Aetos Capital Asia, a private equity real estate firm once behind the largest pan-Asia real estate opportunity fund, is back in fundraising mode, PERE can reveal.
The firm founded in 2002 by chief executive officer Scott Kelley started earlier this month on its quest to raise up to $1 billion for the fifth in its series opportunity funds, Aetos Capital Asia V.
The firm expects to use the capital for investments in Japan, a market that has traditionally been its principal focus, but also elsewhere in Asia.
If successful in meeting its capital raising target it would represent something of a turnaround for a business that raised the majority of its equity in the lead-up to the global financial crisis and was, alongside a number of its peers, caught by the resultant downturn in property values that ensued as a result.
After generating strong returns for Aetos Capital Asia I, its debut opportunity fund which closed in 2003, Aetos went on to haul $2.2 billion for its second in the series in 2005. That vehicle was the region’s largest pan-Asia opportunity fund at the time but its investments struggled and the firm faced a battle to return equity to its investors. Its effort to raise a similar amount for a third vehicle was stifled amid dire capital raising conditions generally as many investors turned their back on the industry.
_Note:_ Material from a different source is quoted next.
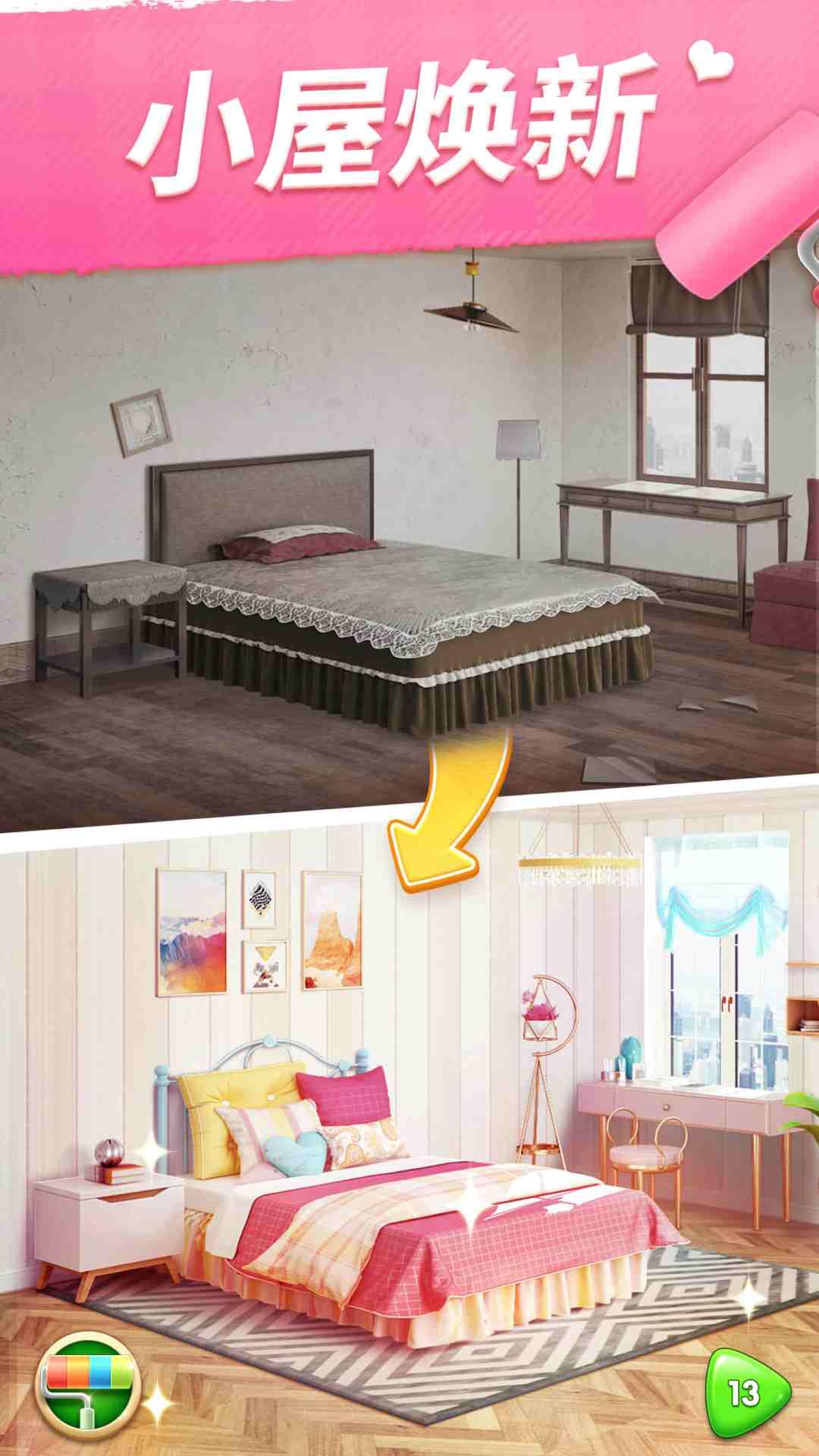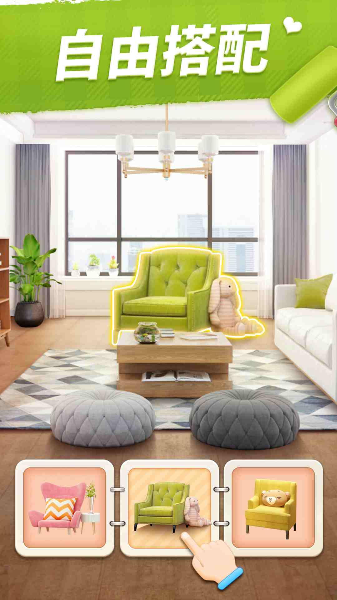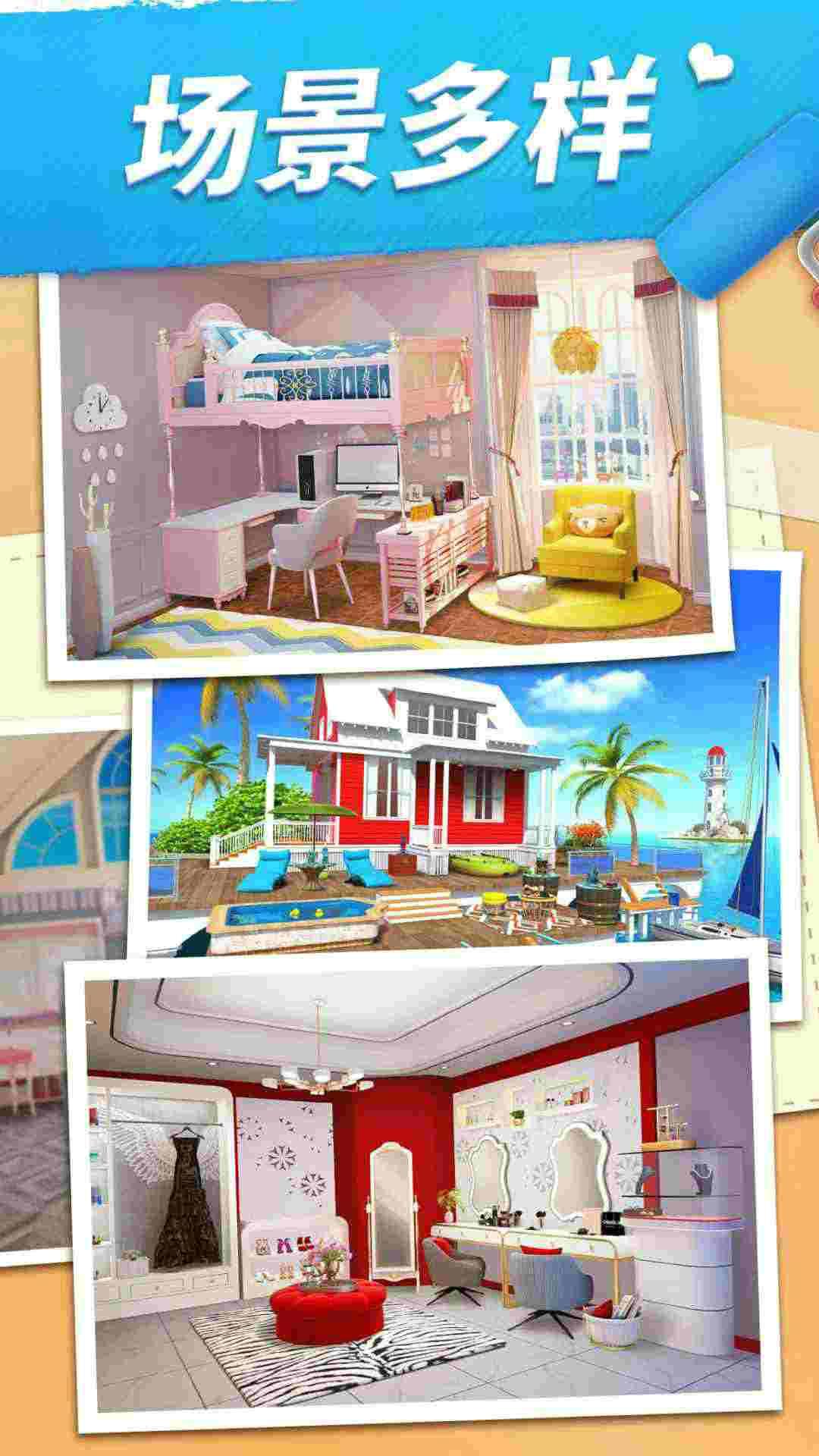 将房子进行装修,搭配不同的家具,游戏有着轻松简单的玩法。

The firm managed to raise $250 million to seed a fourth vehicle from China Investment Corporation, in 2010. Aetos originally targeted $1 billion for that fund but its offering came before many investors were willing to re-engage with the industry and the vehicle ultimately became more akin to a separate account for the Chinese sovereign wealth fund.
Now, with equity markets demonstrating a greater appetite for opportunistic real estate, the firm is back in the market for $1 billion for Aetos Capital Asia V. To date, no placement agent has been appointed to assist in its fundraising.
The firm declined to comment on its capital raising plans, however Kelley was a speaker at PERE’s Forum: Japan conference last week. On stage he said the firm was confident that Japanese Prime Minister Shinzo Abe’s economic reforms would make the country’s real estate a more attractive investment proposition. He also counted Japan’s low interest rates and Tokyo’s low rents and high cap rates as positive indicators for making investments today and told delegates: “Tokyo is cheap on a historical basis, even just looking at the beta. It is more attractive than most western markets.”
He said his firm was looking at the US housing market as one driving force for improving market conditions in Japan. “We rely on the US consumer [in Japan] and that is not going to come back until the US housing market hits bottom. We’re starting to see signs of that.”